Stored items from a collection:
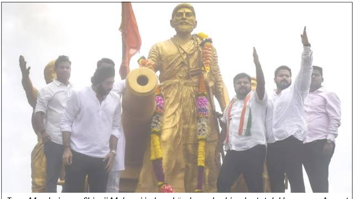
Tawa Mumbai nung Shivaji Maharaj indang kūrakyanglu chirepba tatalokba anema August 31 nü Mumbai nung Maharashtra Youth Congress-i Chhatrapati Shivaji Maharaj indang kūrakyanglu anasa nokdaker longkak aitdang tangokba noksa nung angur.
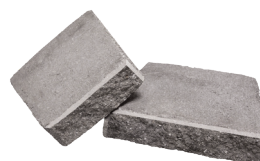
Ancestral - 2 Piece Set 3.63" h x 16/13" l x 13" d 3.63" h x 13/10" l x 13" d
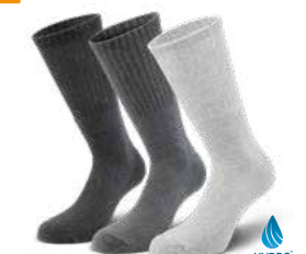
NEW 3 PAIRS = 1 PRICE 24.040.0 PROTECTION TRIO // WORKER SOCK Sizes: 39/42, 43/46
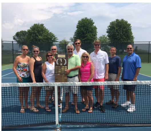
Tennis Trophy stays at CRBC for another year!
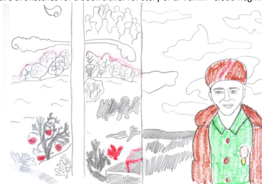
Figure 3. Sketches for a book trailer for story of E. Verkin "Cloud Regiment".

The book trailer introduced the main characters of the story – children, who attracted the attention of schoolchildren. However, experts saw a disadvantage in the fact that the video took a long time – it lasted for 3.5 minutes, so it was difficult for the authors to keep the attention of the reader-viewer on text comments without a voice-over.
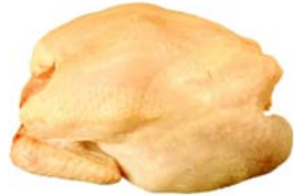
PL225 - g. 700 Boned cockerel
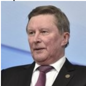
Ivanov Sergei Special Presidential Representative for Environmental Protection, Ecology and Transport.
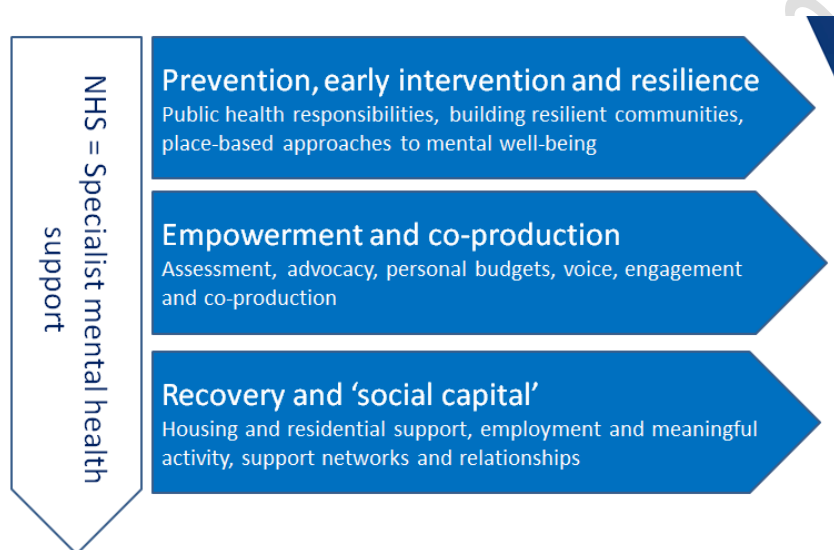
Figure 1: Rebalancing the system in favour of prevention, early intervention, empowerment and recovery

We will recognise the contribution made by families and carers, and the need – highlighted in the Care Act 2014 – to provide support for carers and families in their own right as well as to enable them to better support their loved ones.
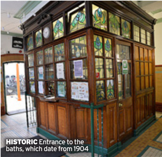
HISTORIC Entrance to the baths, which date from 1904
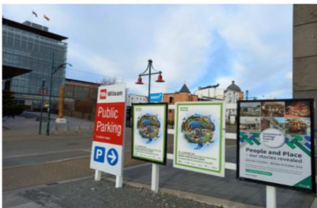
63 Worcester Street (Art Gallery)
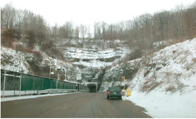
The guarded entrance to the Iron Mountain/National Underground Storage Vital Records facility, located in a secluded area about an hour's drive northeast of Pittsburgh, Pennsylvania.
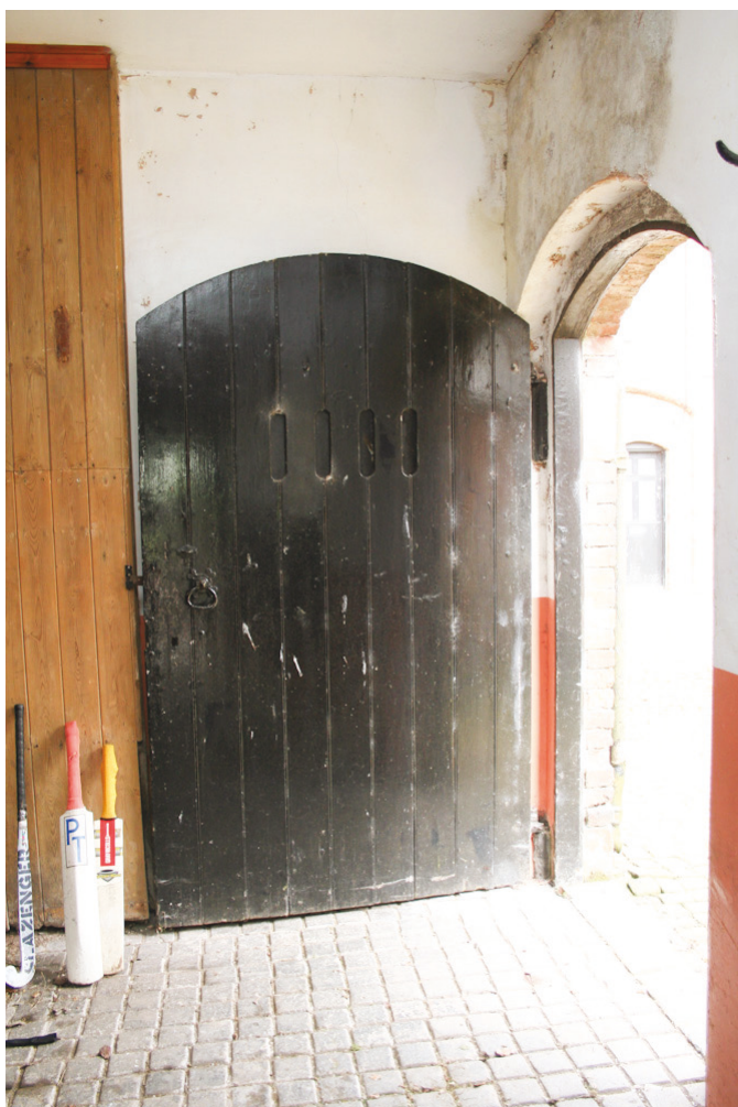
Ground_016 (right) - internal elevation of the same door
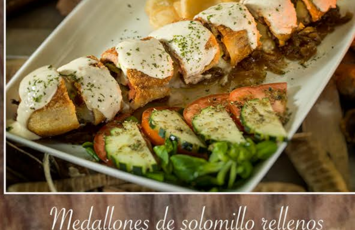
Medallones de solomillo rellenos Gefüllte medaillons vom rind Beef medallions stuffed with cheese and avocado
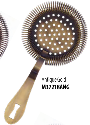
Antique Gold M37218ANG
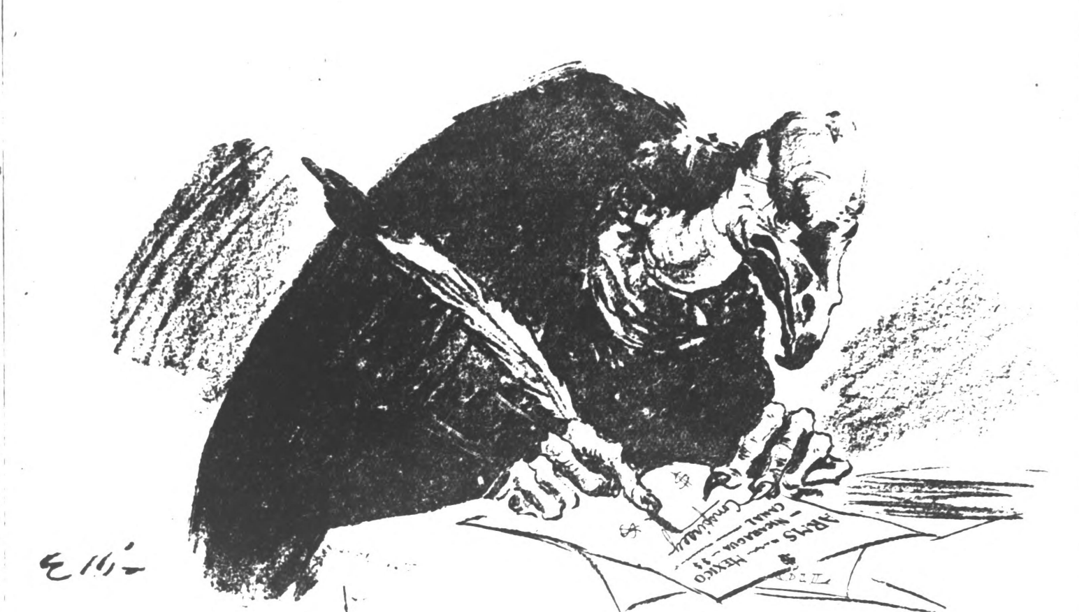
American imperialist interests that crushed the liberal regime in Nicaragua and wish to control all Central America have opened a new fight on Mexico thru the use of forged documents, Mexico being the most formidable obstacle to Wall Street's aims in Latin America.
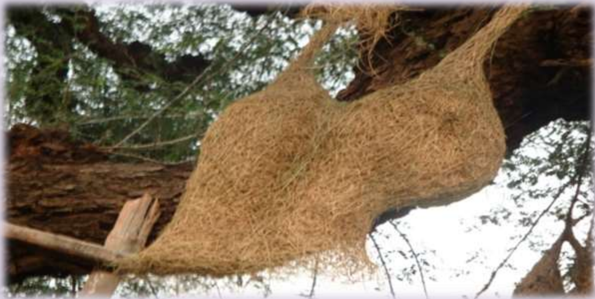
PLATE-3 (JONT NEST)

## WHAT TO DO
Transcribe exactly the lines running from the line with "PL225 - g. 700 Boned cockerel" to the last line of the entries. Pictures stay out of the copy.

## RESPONSE AREA
PL225 - g. 700 Boned cockerel
Ivanov Sergei Special Presidential Representative for Environmental Protection, Ecology and Transport.
Figure 1: Rebalancing the system in favour of prevention, early intervention, empowerment and recovery

We will recognise the contribution made by families and carers, and the need – highlighted in the Care Act 2014 – to provide support for carers and families in their own right as well as to enable them to better support their loved ones.
HISTORIC Entrance to the baths, which date from 1904
63 Worcester Street (Art Gallery)
The guarded entrance to the Iron Mountain/National Underground Storage Vital Records facility, located in a secluded area about an hour's drive northeast of Pittsburgh, Pennsylvania.
Ground_016 (right) - internal elevation of the same door
Medallones de solomillo rellenos Gefüllte medaillons vom rind Beef medallions stuffed with cheese and avocado
Antique Gold M37218ANG
American imperialist interests that crushed the liberal regime in Nicaragua and wish to control all Central America have opened a new fight on Mexico thru the use of forged documents, Mexico being the most formidable obstacle to Wall Street's aims in Latin America.
PLATE-3 (JONT NEST)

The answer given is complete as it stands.